AWS VPNとTransit Gateway VPNの違いと選び方を初心者向けに徹底解説!
生徒
「先生、AWS VPNとTransit Gateway VPNって両方あるみたいですが、どっちを使えばいいのか分からないんです。」
先生
「そうだね。AWS VPN(エーダブリューエス ブイピーエヌ)は仮想プライベートネットワーク(カソウプライベートネットワーク)の基本的な接続方法で、Transit Gateway VPN(トランジットゲートウェイ ブイピーエヌ)は複数のネットワークをまとめて接続する仕組みなんだよ。」
生徒
「なるほど!つまり用途によって選び方が変わるってことですか?」
先生
「その通り!じゃあ両者の違いと選び方を具体的に説明していこう。」
1. AWS VPNとは?(Site-to-Site VPN)
AWS VPN(正式名称:AWS Site-to-Site VPN)は、あなたの会社のオフィスや自宅のネットワーク(オンプレミス)と、AWS上の仮想ネットワークである「VPC」を、インターネットを通じて安全なトンネルでつなぐサービスです。
プログラミング未経験の方でもイメージしやすいように例えると、「離れた場所にある2つの部屋を、部外者が絶対に入れない専用の地下通路でつなぐ」ようなものです。この通路(VPN)を通るデータはすべて暗号化されるため、途中で盗み見られる心配がありません。
例えば、自分のPCからLinuxサーバーに接続する設定を確認する際、以下のようなコマンドを使って接続の疎通確認(相手にパケットが届くか)を行うことがあります。VPNが正しく設定されていれば、プライベートなIPアドレスに対して直接通信が可能になります。
ping -c 4 10.0.1.15
PING 10.0.1.15 (10.0.1.15): 56 data bytes
64 bytes from 10.0.1.15: icmp_seq=0 ttl=64 time=15.2 ms
64 bytes from 10.0.1.15: icmp_seq=1 ttl=64 time=14.8 ms
64 bytes from 10.0.1.15: icmp_seq=2 ttl=64 time=15.1 ms
64 bytes from 10.0.1.15: icmp_seq=3 ttl=64 time=14.9 ms
--- 10.0.1.15 ping statistics ---
4 packets transmitted, 4 packets received, 0.0% packet loss
このように、AWS VPNを導入することで、まるで社内LANにサーバーがあるかのような感覚で、安全かつ低コストにクラウドを利用し始めることができるのが最大のメリットです。
2. Transit Gateway VPNとは?
Transit Gateway VPN(トランジットゲートウェイ ブイピーエヌ)は、AWS Transit Gateway(エーダブリューエス トランジットゲートウェイ)を利用したVPN接続です。Transit Gatewayは複数のVPCやオンプレミス環境をハブのようにまとめて接続できる仕組みです。

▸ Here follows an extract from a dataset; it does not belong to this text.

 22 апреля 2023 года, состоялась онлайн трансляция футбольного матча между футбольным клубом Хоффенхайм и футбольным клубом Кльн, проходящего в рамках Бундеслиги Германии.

たとえば、東京リージョンに複数のVPCがあり、それぞれをオンプレミスのネットワークと接続したい場合、個別にVPNを設定すると複雑になります。そこでTransit Gatewayを利用すると、一つのVPN接続で効率よく複数のネットワークを統合できます。
3. 両者の違いを比較
ここではAWS VPNとTransit Gateway VPNの違いを整理します。

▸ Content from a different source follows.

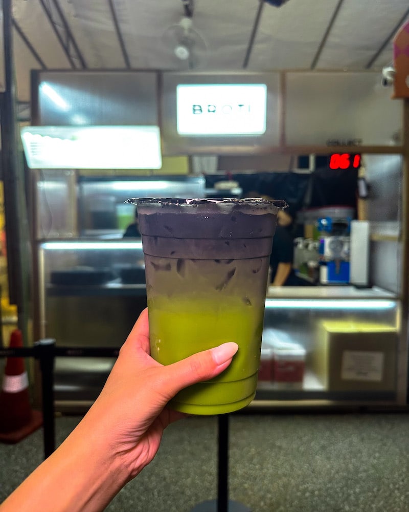 Feeling thirsty after all that good food? Choose from iced teas, sugarcane, and more. Interesting options include Charcoal Matcha (S$5.50) and Masala Milk Tea (S$6) from popular drink stall Broti!

- 接続対象: AWS VPNは単一のVPCに接続、Transit Gateway VPNは複数のVPCやオンプレミスをまとめて接続可能。
- 構成の複雑さ: AWS VPNはシンプル、Transit Gateway VPNは大規模環境に強いが少し複雑。
- コスト: 小規模ならAWS VPNの方が安価、大規模環境ではTransit Gateway VPNが効率的。

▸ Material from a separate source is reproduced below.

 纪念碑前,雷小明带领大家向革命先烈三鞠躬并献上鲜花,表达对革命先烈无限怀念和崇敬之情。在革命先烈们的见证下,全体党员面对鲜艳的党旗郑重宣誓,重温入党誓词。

- 利用シーン: AWS VPNは小規模・検証用途に最適、Transit Gateway VPNは企業全体やマルチVPC構成に適している。
4. 選び方のポイント
初心者がどちらを選べばよいか迷ったときは、以下の観点で判断すると分かりやすいです。
- VPCが1つだけ: AWS VPNを選ぶ。
- VPCが複数あり相互接続も必要: Transit Gateway VPNを選ぶ。
- 低コスト重視: AWS VPNを優先。
- 将来的に拡張予定: Transit Gateway VPNが便利。
たとえば個人で開発環境をAWSに置きたい場合はAWS VPNがシンプルでおすすめですが、企業のシステム全体をクラウドとオンプレミスでハイブリッド接続するならTransit Gateway VPNが適しています。
5. 初心者が理解しておくべき用語
記事の中で登場した用語を整理しておきましょう。
- VPN(ブイピーエヌ): Virtual Private Network(バーチャルプライベートネットワーク)の略で、暗号化して安全に通信する仕組み。
- VPC(ブイピーシー): Virtual Private Cloud(バーチャルプライベートクラウド)の略で、AWS上で利用する仮想ネットワーク環境。
- Transit Gateway(トランジットゲートウェイ): 複数のVPCやオンプレミスをハブのようにつなげるサービス。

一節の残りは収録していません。